Many students and their teachers take these flights to study the 60 archaeological sites on Papa Westray, making up the majority of passengers. Occasionally health professionals are needed to assist one of the island's 90 residents, and patients will also take the flight from Papa Westray to medical facilities when needed. The flight has also become popular among tourists.

As of 2024, the route sees an average of around 5000 passengers annually.

===Aircraft===
Since its launch in 1967, Loganair continues to operate this flight with one of its two Britten-Norman BN2B-26 Islander aircraft. The Islander is a high-wing, twin piston engine, propeller-driven aircraft. It is flown by a single pilot, and there is seating for eight passengers in the passenger cabin. One additional seat usually remains empty next to the pilot.

Loganair's chief executive, Jim Cameron, described the Islander as "robust" and "well suited to the vagaries of Scottish weather". Summarizing expert opinion of the Islander, Alastair Dalton of The Scotsman said the aircraft "had a good safety record and had proved versatile in operating from the shortest and roughest Highland runways".
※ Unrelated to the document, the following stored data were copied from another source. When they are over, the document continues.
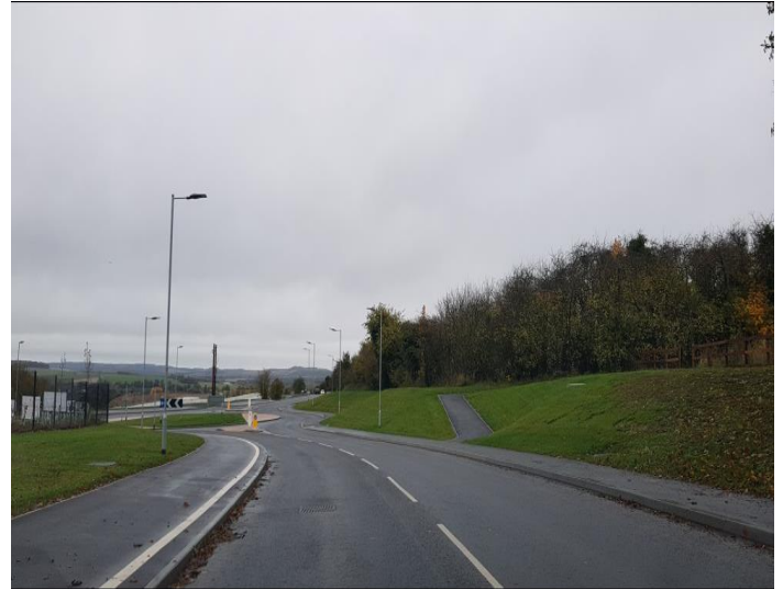
The spur road leading to St Michael's School

Traffic Management will involve the use of manually controlled traffic signals, on weekdays only during 0930 and 1630h on the Packway and at the Junction of Wood Road.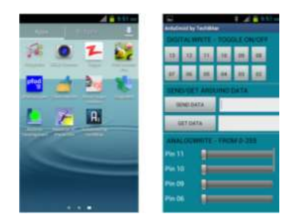
Figure 2. ArduDroid Software logo and running in phone

Published Online September-October 2016 in IJEAST (http://www.ijeast.com)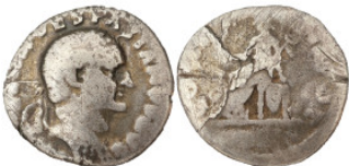
7 Vespasian AR Denarius, 69-79 AD.- 2.52g, 16mm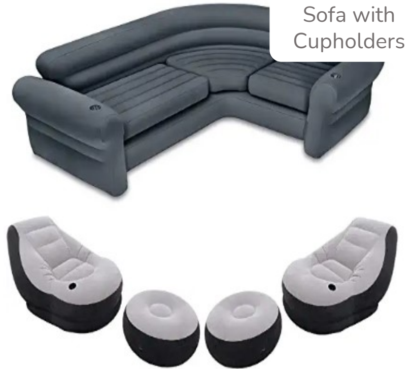
Sofa with Cupholders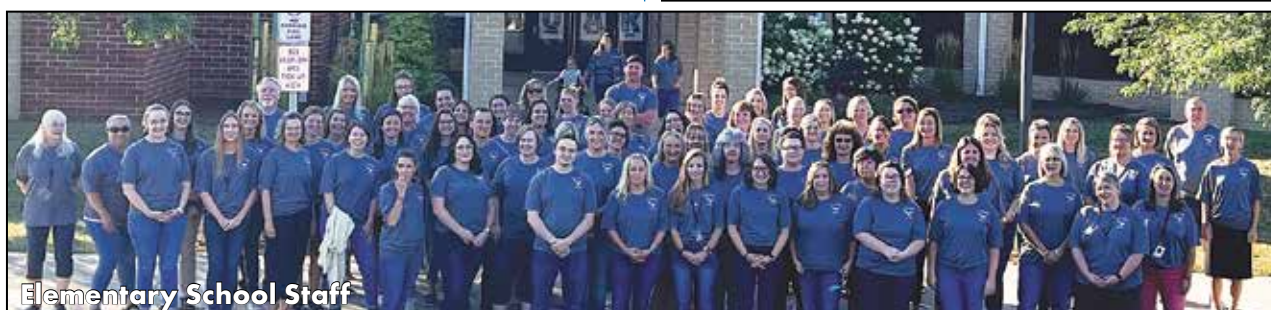
Elementary School Staff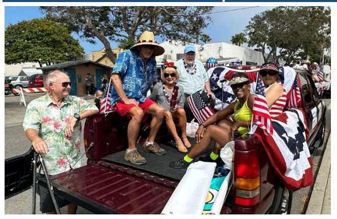
Volunteers crunching into the back of the truck.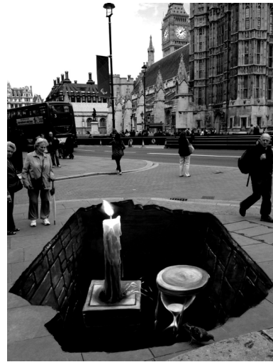
Fig. 7. Street art Nicholas Arndt [2]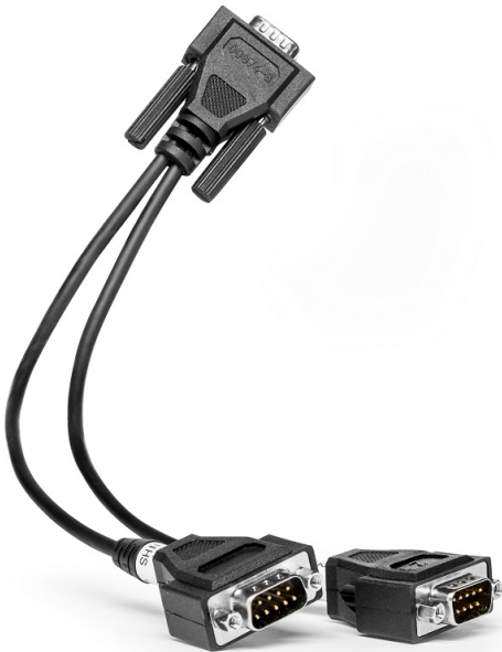
Figure 5: The DS9-2xDS9 Splitter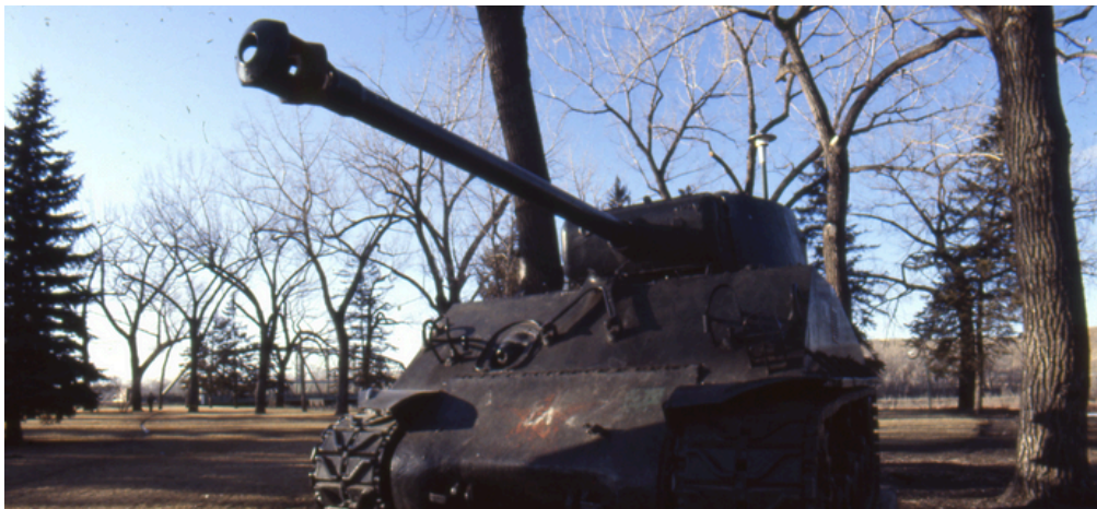
“Duffy” The tank in Riverside Veterans Memorial park, ca. 1980

Historical Society of Medicine Hat and District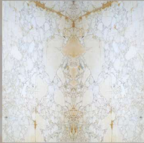
Calacatta Della Gherardesca

Breccia with rounded yellowish-pink elements and golden veins that form light streaks. The whole is crossed by mustard-yellow brocade veins, giving the slab a wonderful open-spot coloring.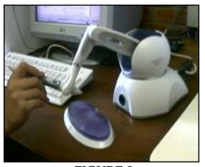
FIGURE 2 Haptic device Phantom Omni used in vr environments.

The assessment methods can be characterized as offline or online. Once the training ends, an online assessment can provide a quick feedback to the user. In an offline assessment the classification of training takes some time and depends on experts analyses of the training session. For didactic reasons, it is preferable the use of online evaluators, since users must have the classification of the training as soon as it is finished [10].

In 2018, Loganair was planning to introduce electric aircraft to the Orkney Islands by 2021 due to the short distance between the islands that would make such flights possible. However, as of 2024, the BN-2 Islander is still operating the routes.

===Flight numbers===
The flight times and numbers change daily and repeat with a weekly cycle. Loganair Flight 702 departs from Westray Airport to Papa Westray Airport on Monday morning, and Flight 705 returns to Westray that afternoon. On Tuesdays, Thursdays, and Fridays, the flight number to Papa Westray is 709. The return flight number is 711. On Wednesday, Flight 714 goes to Papa Westray and the Flight 711 comes back to Westray. Flight 720 is the Saturday flight from Westray to Papa Westray, and on Sundays, Flight 726 is the return flight to Westray.

===The future of the route===
In 2014, Orkney Islands Council (OIC) held consultations regarding building a number of fixed links between seven of the Orkney Islands. This would include a bridge between Westray and Papa Westray. No such resulting actions were taken and in 2025 the OIC has said that these consultations were "exploratory in nature".

In 2025, the Scottish Government National Islands Plan was formally drafted and presented to parliament which includes the proposals to increase the number of ferries and aircraft dedicated to increasing Inter Islands service capacity. A third Britten-Norman Islander is now expected to brought into service (with updated timetables and potential increase to the Westray - Papa Westray flights) "by summer 2026".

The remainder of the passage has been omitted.